= Pianma Incident =

Border dispute between British Burma and China

The Pianma Incident began in 1910, from a dispute in the Pianma Kachin Chiefdom under Qing China suzerainty, between Pianma's Tusi (indigenous governments) and other local leaders, and the subsequent British Burman occupation of the Qing Empire's territories.

Two headmen raised their grievances against Tusi to the Qing Government. However, when the Qing government rejected them, they petitioned the British to recognize Pianma under British domain. The British accepted their request, tried to induce Tusi to switch allegiance from the Qing Dynasty to the British Crown and deployed troops to occupy the region.
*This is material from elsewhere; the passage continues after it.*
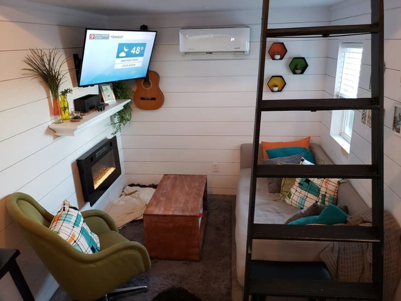 Step inside and the rhythm changes. The house opens into a bright, contemporary space that feels surprisingly expansive for its size. Two lofts float above like quiet sanctuaries — one for sleeping, one perhaps for reading, writing, or simply dreaming. The heart of the home lies in its kitchen: granite countertops smooth as river stones, a deep stainless-steel sink, and a minimalist two-burner cooktop that makes every meal an act of mindfulness. There’s even a fridge, freezer, and an electric fireplace that flickers gently in the evenings, adding that soft, amber calm.
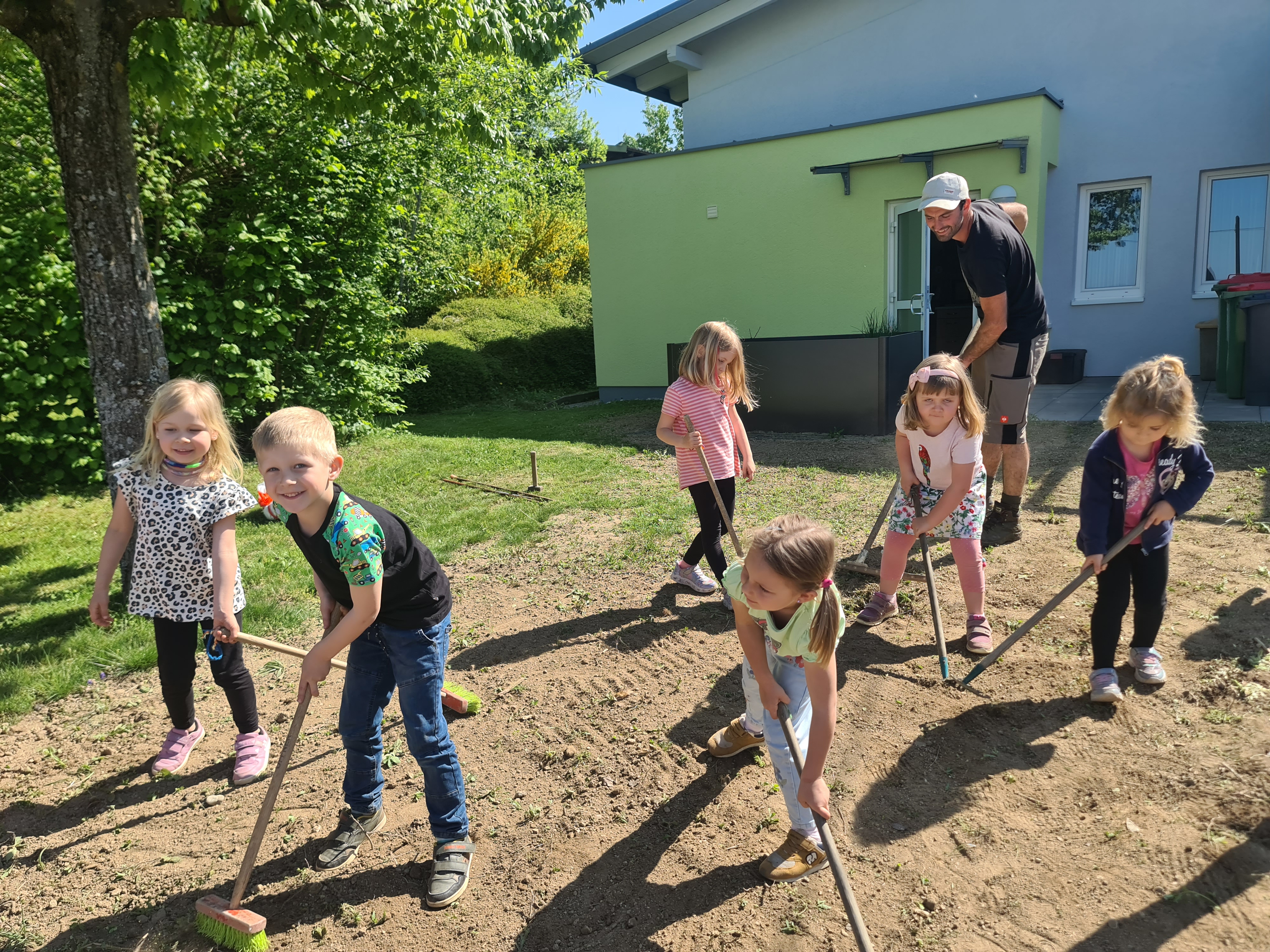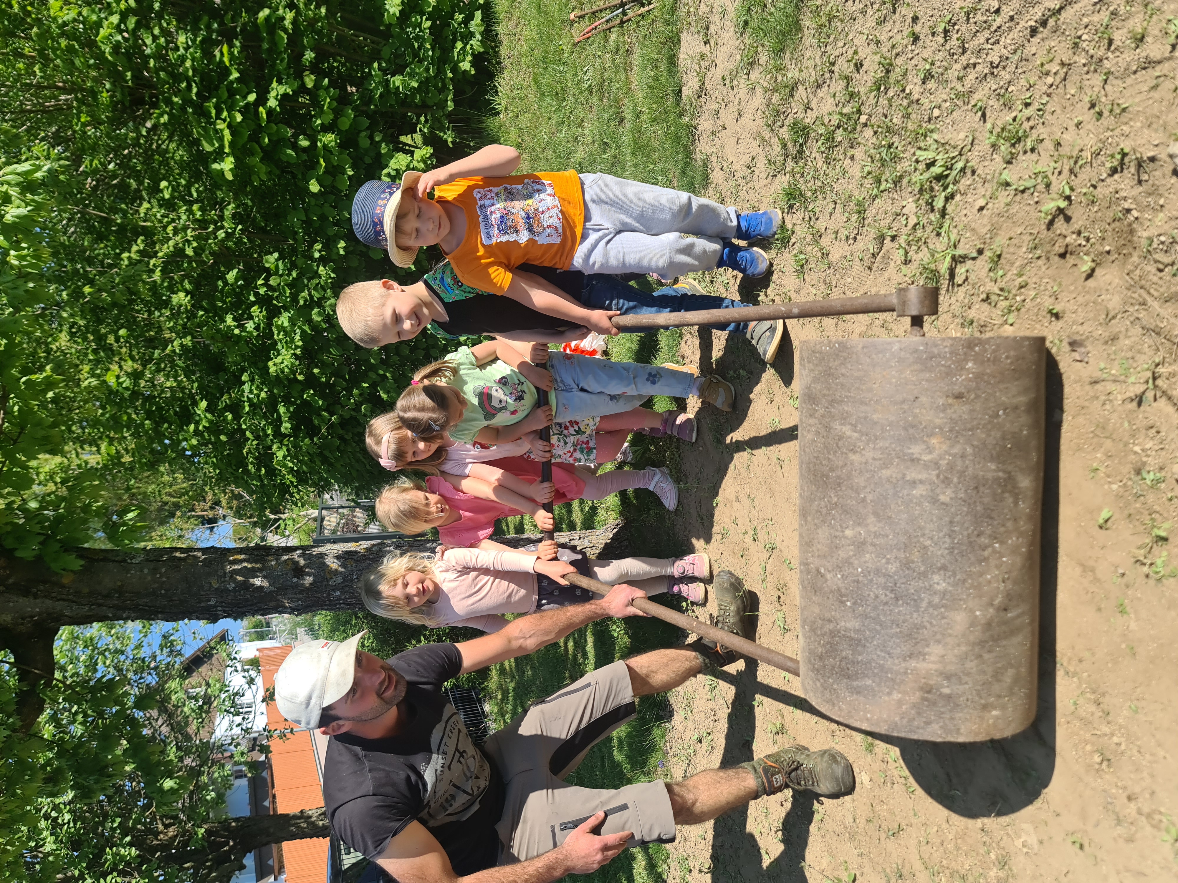 Ende April wurde unter Anleitung von Gemeindearbeiter Thomas Oberpeilsteiner eine kleine Fläche als Blumenwiese angelegt. Thomas hat die Kinder in alle notwendigen Arbeitsschritte aktiv eingebunden. Es gab einiges zu tun: Die Fläche wurde zuerst von Steinen und Unkraut befreit- das Saatgut ausgestreut – und mit vereinten Kräften die Walze zur Verdichtung eingesetzt. Letzteres hat den Kindern so richtig Spaß gemacht. Sie waren begeistert und unglaublich fleißig.

Britain subsequently forced the emerging Republic of China (ROC) to give up another portion of territory, Jiangxinpo, in what is now Northern Kachin state of Burma in 1926–27, as well as some part of the Wa states in 1940.

The People's Republic of China (PRC) and Burma signed a border treaty in 1960, with the PRC recognizing most of these disputed territories as belonging to Burma. Burma relinquished a small amount of that territory; namely Hpimaw (Pianma) and adjacent Gawlam (Gulang) and Kangfang to the PRC.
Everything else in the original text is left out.